This bug is back again on kernel 3.4.14, but this time I was able to
get debug data and to recover running kernel without reboot.
Drowpatch showed that DNS UDP replies are always dropped here:
1 drops at __udp_queue_rcv_skb+61 (0xffffffff813bd670)
Another observations:
- only UDP replies are lost, TCP works fine;
- if network load is dropped dramatically (ip_forward disabled, most
network daemons are stopped) UDP DNS queries work again; but with
gradual load increase replies became first slow and than cease at all.

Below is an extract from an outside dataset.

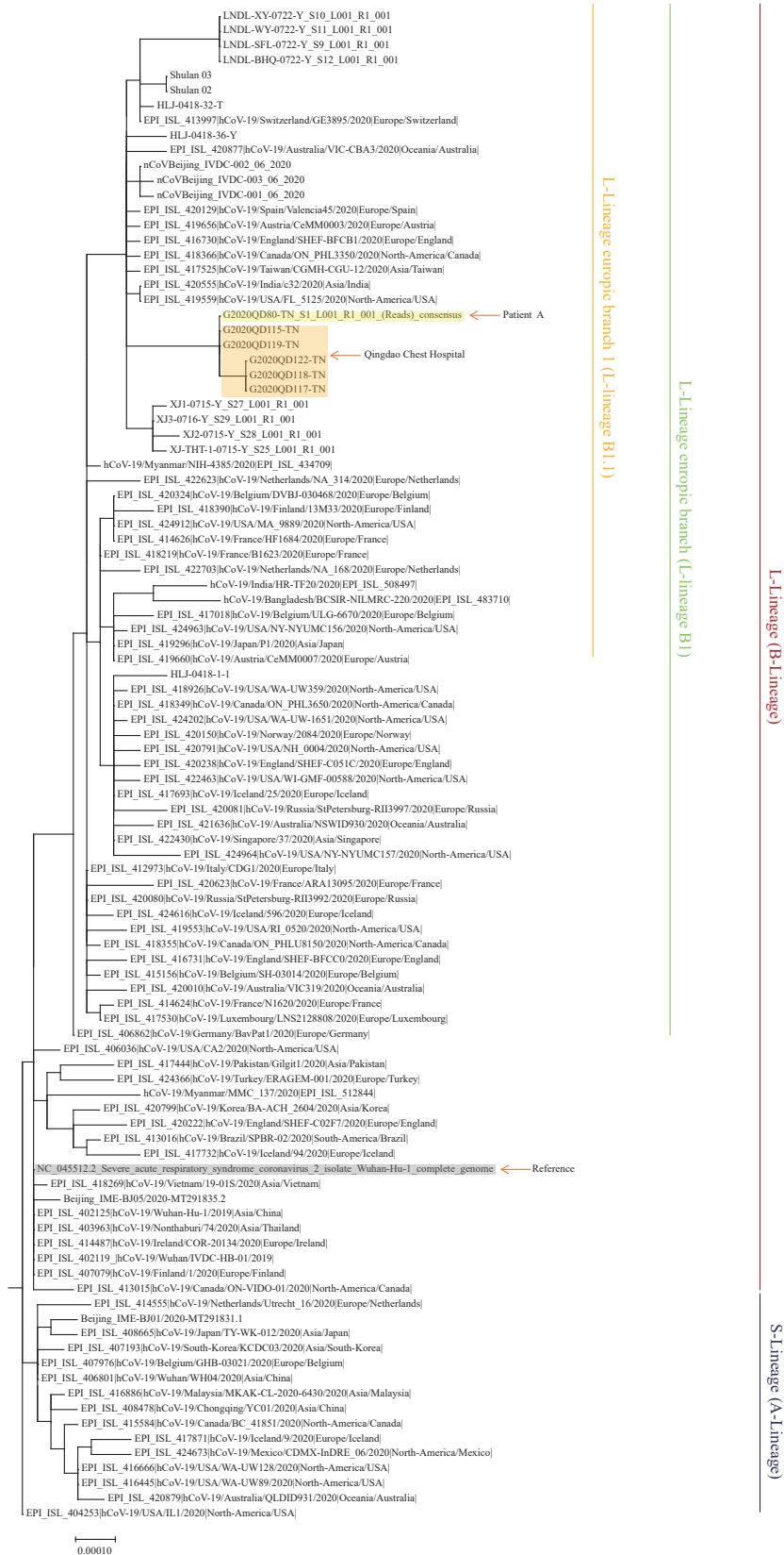
FIGURE 1. Phylogenetic tree based on the genome sequences of the COVID-19 virus. The genome of the COVID-19 virus from 5 patients infected at Qingdao Chest Hospital and Patient A were highlighted in shades of orange and yellow, respectively.

- CPU load is very low (uptime is below 0.05), so this shouldn't be
an insufficient computing power issue.
I found __udp_queue_rcv_skb function in net/ipv4/udp.c. From the code
and observations above it follows that this is likely to be a ENOMEM
condition leading to a packet loss.
This is a memory data after bug happened:
# cat /proc/meminfo
MemTotal: 1021576 kB
MemFree: 32056 kB
Buffers: 105204 kB
Cached: 646716 kB
SwapCached: 236 kB
Active: 205932 kB
Inactive: 587156 kB
Active(anon): 20636 kB
Inactive(anon): 22488 kB
Active(file): 185296 kB
Inactive(file): 564668 kB
Unevictable: 2152 kB
Mlocked: 2152 kB
SwapTotal: 995992 kB
SwapFree: 995020 kB
Dirty: 0 kB
Writeback: 0 kB
AnonPages: 43120 kB
Mapped: 7504 kB
Shmem: 148 kB
Slab: 176004 kB
SReclaimable: 118636 kB
SUnreclaim: 57368 kB
KernelStack: 688 kB
PageTables: 2948 kB
NFS_Unstable: 0 kB
Bounce: 0 kB
WritebackTmp: 0 kB
CommitLimit: 1506780 kB
Committed_AS: 62708 kB
VmallocTotal: 34359738367 kB
VmallocUsed: 262732 kB
VmallocChunk: 34359474615 kB
AnonHugePages: 0 kB
DirectMap4k: 33536 kB
DirectMap2M: 1013760 kB
# sysctl -a | grep mem
net.core.optmem_max = 20480
net.core.rmem_default = 229376
net.core.rmem_max = 131071
net.core.wmem_default = 229376
net.core.wmem_max = 131071
net.ipv4.igmp_max_memberships = 20
net.ipv4.tcp_mem = 22350 29801 44700
net.ipv4.tcp_rmem = 4096 87380 6291456
net.ipv4.tcp_wmem = 4096 16384 4194304
net.ipv4.udp_mem = 24150 32202 48300
net.ipv4.udp_rmem_min = 4096
net.ipv4.udp_wmem_min = 4096
vm.lowmem_reserve_ratio = 256 256 32
vm.overcommit_memory = 0
Sysctl memory parameters are system defaults, I haven't changed them
via sysctl or /proc interfaces.
I tried to increase udm_mem values to the following:
net.ipv4.udp_mem = 100000 150000 200000
This solved my issue, at least for a while: DNS queries are working
fine now.
But I suspect that there is some memory loss in the kernel UDP stack,
because this issue never happens after reboot and always after about
a week of network operation. So this memory increase should help only
for a month or so, if memory loss is linear.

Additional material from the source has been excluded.